Vivian never denigrates me. He probly gets more than enough denigratin’ himself considerin´. Vivian is an unabashed transvestite. Maybe he’s just gotten used to bein’ denigrated and doesn’t pay it any mind to it anymore.
I got out my notebook and set it up by the computer screen then reached into my pocket for my glasses……….Nothin’ there. Dang! Was I havin´ a bad day or what?
I tried stretchin’ and distortin’ my eyeballs for a few minutes tryin’ to read an e-mail and gave up. I paid Vivia for the five minutes and bought an ice cream sandwich hopin´ it would make me feel better and ate it on my way home.
I guess it’s really nothin’ new. My mother used to say I’d forget my head if it wasn’t attached to my shoulders. On some days, she was a pretty good self-denigrater herself. Whenever she flubbed up somethin’, she would say, “I think before I was born and they were passin’ out brains, I thought they said trains and told ‘em I didn’t need any!”
I made myself somethin’ to eat and checked re-e-e-e-e-al careful to make sure I turned off the stove and sat down with Dotty to eat it.
“You know,” she said, “ I think we oughta do something together, like take a trip. That might get you outta this rut you seem to be in.”
I’m thinkin´ takin’ a trip with Dotty usually means somthin´ like takin’ an acid trip without the drugs. But, I looked up at her wary like and asked her, “Where would you like to go?”
“I don’t know,” she answered. “I’d just like to do somethin’ with you. I’ll think about it and tell you later.”
A few seconds later she said to me, “Well, I still haven’t decided where I want to go, but I know how we can get there.”
“Un-huh, how´s that?” I asked.
“Well, we can go down to the old airport on the back road to Barra and wait for a plane!”
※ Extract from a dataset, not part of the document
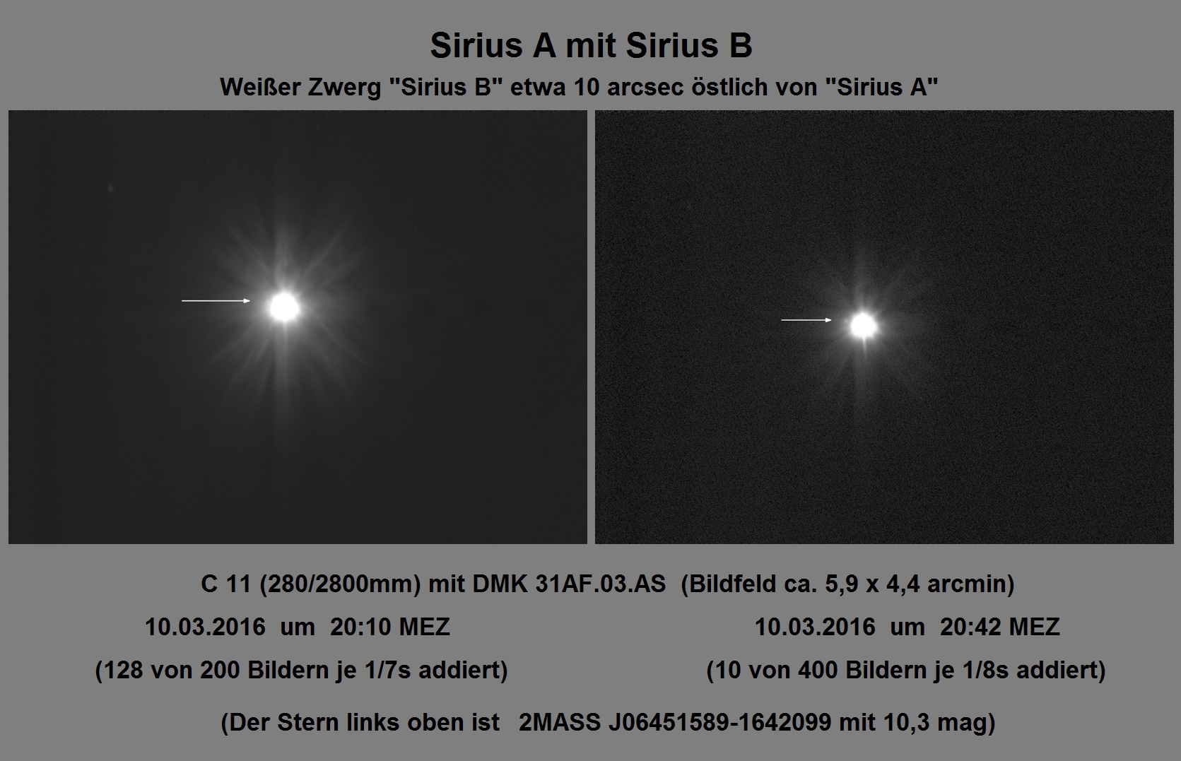 Am 10.03.2016 ist es mir endlich gelungen, Sirius B fotografisch nachzuweisen (siehe Beschreibung auf dem Bild).

I couldn’t think of anything to say. Here I´d been worryin´ about my own absent mindedness and poor Dotty had gone around the bend.”
“Dotty, the only time that strip is used by planes is when they do a little crop dustin´ around here. It´s just part or the old road between El Aguacate and Barra de Navidad. The only thing we could catch there is the bus into town.”
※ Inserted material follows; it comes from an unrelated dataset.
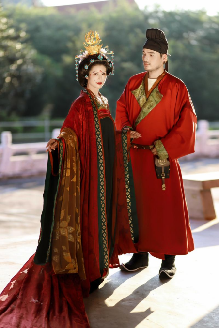 During the Tang Dynasty, wedding attire exhibited a unique sense of magnificence. Influenced by the open culture of the time, the bride’s attire became more colorful, with countless designs featuring silk and embroidery, and numerous gold and silver decorations were added—all of which vividly demonstrated the prosperous scene of the Tang Dynasty.

“Don’t be silly.” She said. “We can catch a bus into town anytime. I´m talkin´ about a plane. Not a real plane, but an imaginary plane. It could take us anywhere. They can even go backwards and forwards in time.”
Considerin´ that Dotty is my imaginary wife, I had to consider the possibility. “You mean we could fly back in time and I could introduce you to some of my old friends?”
“Well, that might not be such a good idea. We might upset the time continuum or sumpthin´. We shouldn’t go back to any real place cause you wouldn’t even know I was there. I was dormant during that part of your life.”
“Dormant? You mean, you were asleep inside my head all that time?”
“Not all the time. When you were a teenager, you used to keep me hid under your mattress so your mother wouldn’t find me.”
“Those were dirty magazines!”
“Uh-huh. But we can go lots of other places in the past. We could go to Africa and hang out with Tarzan and Jane.”
I was feelin´ a bit stunned. Sorta like I´d just whopped on the side of my head. Of course, we can imagine anything. We just kinda don’t want to most of time. But the fact that I had imagined Dotty had made my life a lot more interestin´ than it was before. It sounded kinda loony but i´ts true. I´d been thinkin´ about maybe a bus tour to Mexico City or the pyramids, but I didn’t have any money and then I thought “An imaginary trip doesn’t cost anythin´!”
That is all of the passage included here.